In an interview with the U.S. magazine The Nation, president of Iraq’s Kurdistan Regional Government (KRG) Masoud Barzani had an interesting answer when asked if a planned referendum on the region’s independence from Baghdad would take place in 2016. His answer? “Inshallah,” Arabic for “God willing.”
“Inshallah” has a variety of interpretations depending on the context. It’s not uncommon for Arab taxi drivers to respond with the phrase when asked where a place is, or if they have change for larger bills. Sometimes it’s closer to yes, sometimes closer to no; sometimes it means hopefully.
So what did Barzani mean when he said “inshallah?” The Nation’s article on the Barzani interview published yesterday on May 18th. In the interview, he declared that the borders drawn by the Sykes-Picot agreement-which defined much of the modern Middle East including Iraq-were “the mistake of the century.” The article further notes he has called for independence since Daesh (ISIS) swept through Iraq in 2014.

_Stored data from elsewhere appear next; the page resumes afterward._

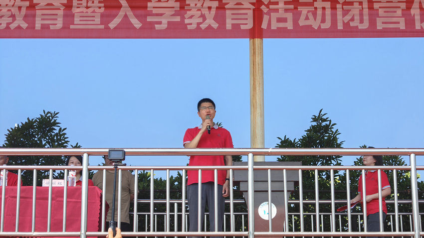 校长助理李萍发言,她看到同学们在训练场上有着这严格的纪律和高昂的斗志,相信在接下来学习生活中同学们能发挥艰苦奋斗的精神,遇到难题决不放过,碰到困难决不低头,做一名不畏困难,勤奋学习的好学生。
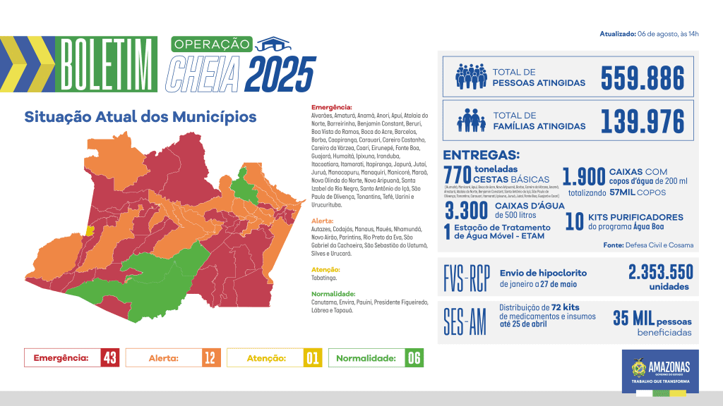 Até o momento, 139.976 famílias foram afetadas em todo o Amazonas, aproximadamente, 559.886 pessoas impactadas diretamente. As nove calhas de rios do Amazonas já estão em processo de vazante.
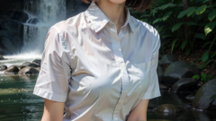 都会を離れて森に来ました。水辺で一休みしました。「誰もいないから脱いじゃえ」「きもちいいー」
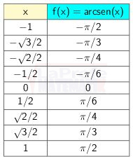 Allí tienes la tabla de valores, te recuerdo que el dominio está comprendido en el intervalo [-1,1]
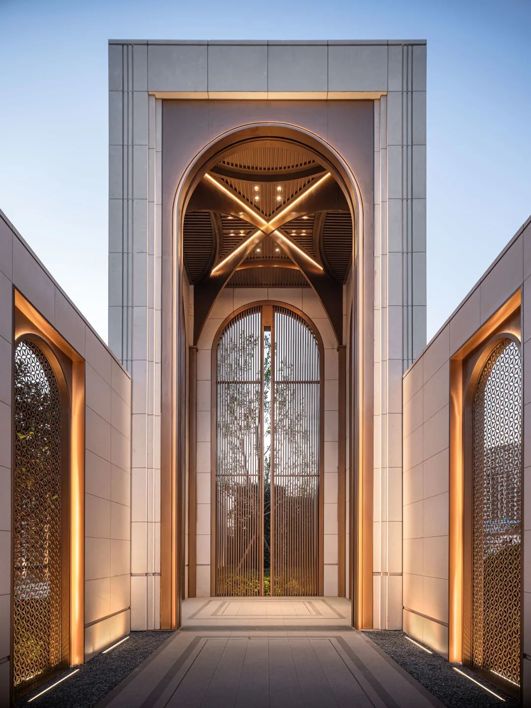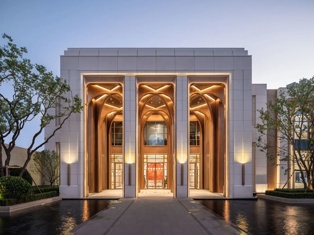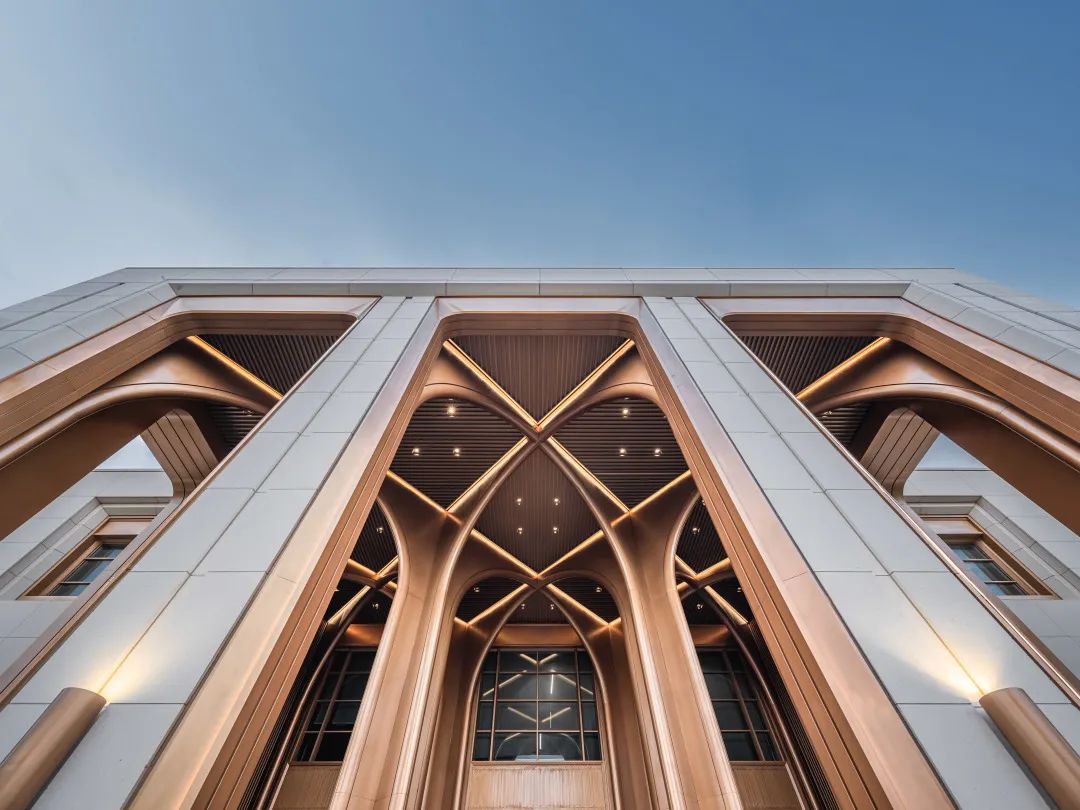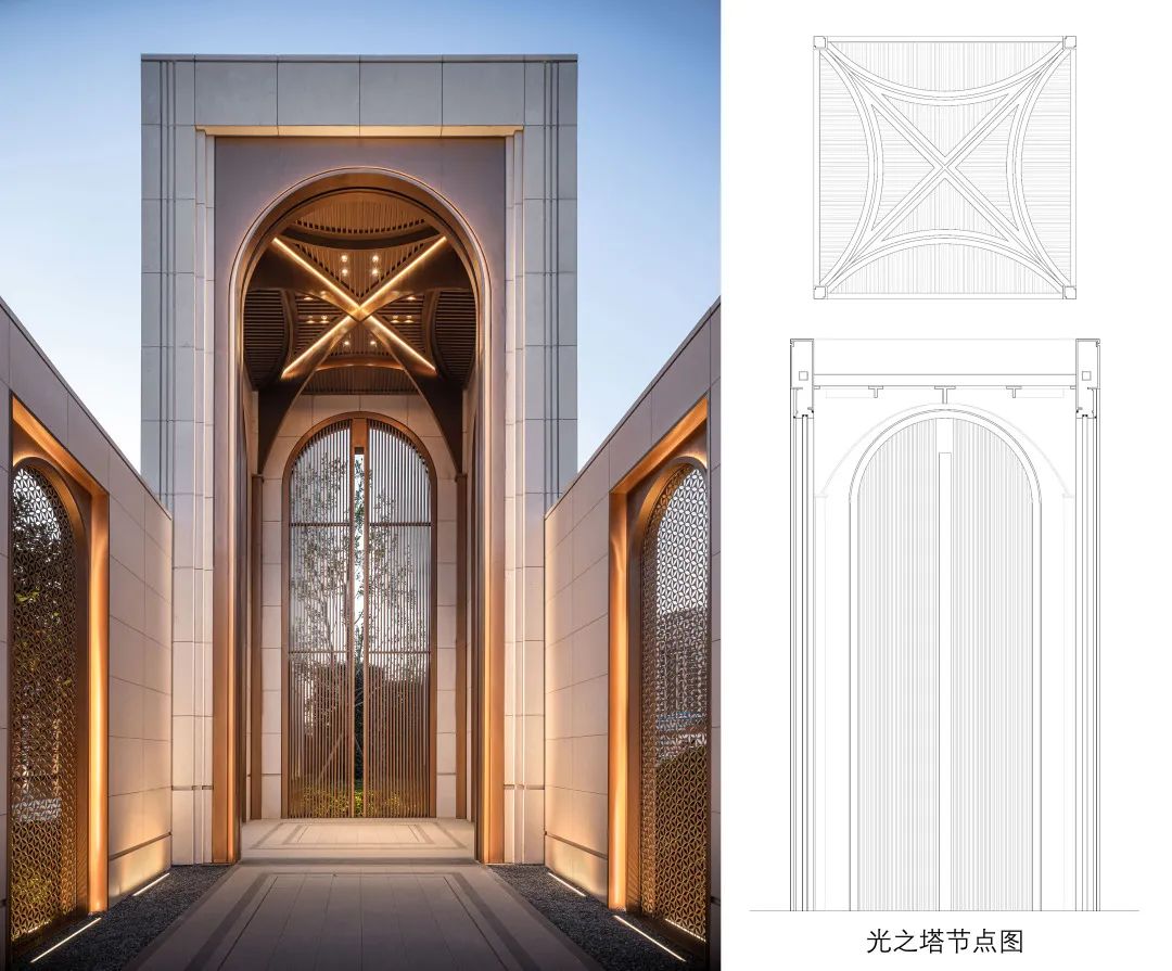 置身于“光之塔”下,光线柔和纯净,气势恢宏的建筑主入口,遵循古典美学比例,六个精致挺拔的金属十字“光之拱廊”,都在演绎着丰富的光影变化。

This is not the first time a prominent political leader has answered “inshallah” when asked an important question. When asked if a deal on Iran’s nuclear program was possible during negotiations between the U.S. and Iran, U.S. secretary of state John Kerry reportedly said “inshallah” in 2015.
The Iran deal was eventually struck on July 14th, 2015. So did Kerry mean yes when he uttered the common Arabic phrase? Will Kurdish independence go through too? Only time will tell, inshallah.